- Developers: Matt Krueger Josh Lichti
- Initial release: 2012; 14 years ago
- Size: 112.6 MB
- Available in: 9 languages
- List of languages Czech, Dutch, English, Estonian, Finnish, French, German, Norwegian Bokmål, Swedish
- License: Proprietary software
- Website: Official website

= UDisc =

Mobile disc golf app and website

UDisc (/judɪsk/) is a disc golf app for scorekeeping, statistics, and discovery for smartphones and tablet computers running the Android or iOS operating system. The app is also compatible with Android's Wear OS and Apple Watch.

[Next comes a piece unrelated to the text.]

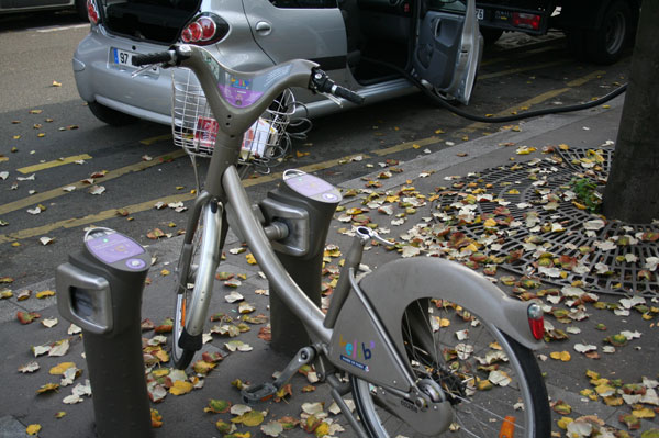 | There were rows and rows of these bikes that you could rent. Somehow, the honor system works over there. Except we did see one empty slot and the metal all mangeled where someone had taken one of these sweet rides. |

It gives access to an extensive community-driven course directory with user-submitted course condition updates, hole-by-hole navigation information about course layouts, and a chronological list of local PDGA-sanctioned events. Users can track the rounds they played, measure throws, track various performance metrics, and compete in worldwide leaderboards.

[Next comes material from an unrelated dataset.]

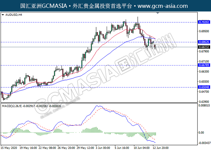 20200615 AUDUSD-午间 by keyk | Jun 15, 2020 | 澳元兑美元 | 0 comments GCMAsia - AUDUSD AUDUSD 2020-06-15 AUDUSD,H4:澳美高位回落。MACD动能持续略减,短期可关注空头为主。上方关注0.6860压力和0.7020压力,下方关注0.6680支撑和0.6505支撑。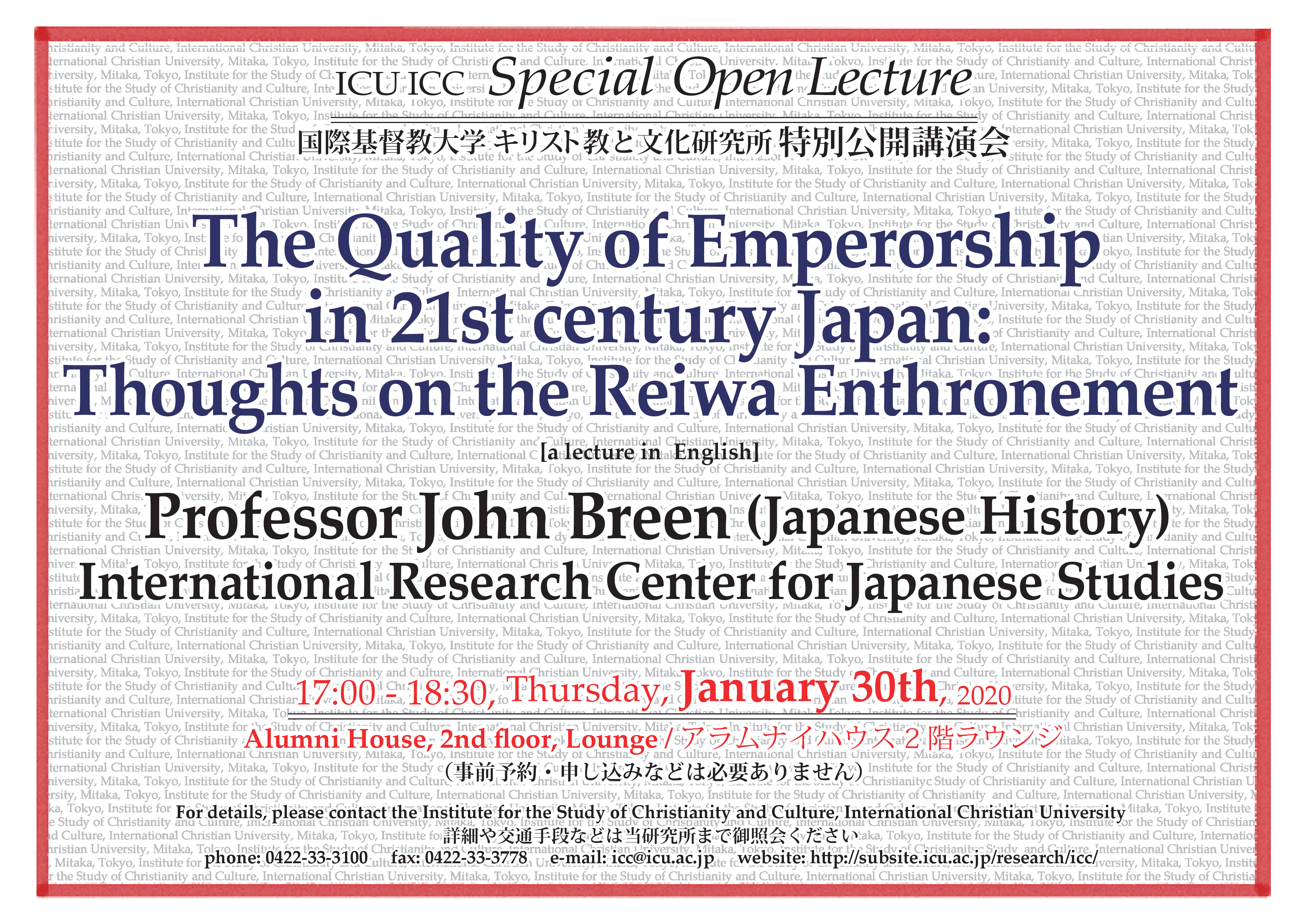 このたび、ICUキリスト教と文化研究所の開催にて、国際日本文化センター教授John Breen先生の公開講演会「The Quality of Emperorship in 21st century Japan: Thoughts on the Reiwa Enthronement」を予定しております。

The app can be downloaded and used for free, but an optional in-app paid subscription to UDisc Pro unlocks more features.

== History ==
The app was developed by Matthew Krueger and Josh Lichti, and initially released in 2012. In 2018, the PDGA partnered with UDisc and announced that "members who are current in 2019 will receive a free UDisc Pro subscription that includes unlimited scoring, statistics, and automatic scorecard syncing with friends." Starting 2022, UDisc Pro will not be included with PDGA memberships.

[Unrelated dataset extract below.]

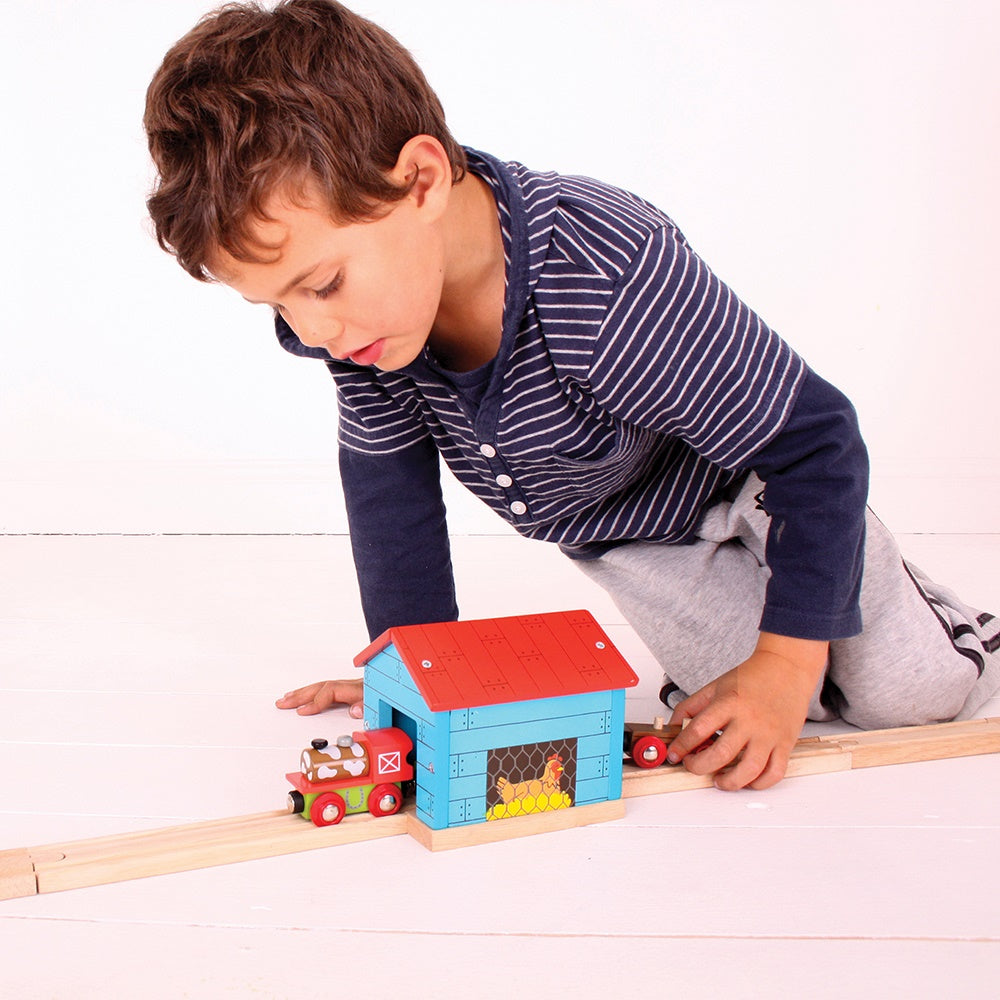 Our Chicken Shed Tunnel is perfect for bringing a farmyard theme to your wooden railway set. The tunnel is painted blue and decorated just like a real chicken coop.

In late 2017, UDisc implemented an integration with Dynamic Discs Winter Marksman leagues worldwide. In June 2020, UDisc released an online version of their course directory.

== UDisc Live ==
UDisc Live is the official scoring app for real-time statistics at various tournaments, including all PDGA National Tour and Disc Golf Pro Tour (DGPT) events from 2016 until 2024, when the DGPT announced they would move to the PDGA's proprietary Live Scoring platform. Data collected using the app played an important role in the development of the sport's key statistics for comparing players.

== Release Point ==
Since June 2018, UDisc's Release Point blog has published independent disc golf research and commentary based on data gathered from UDisc app users.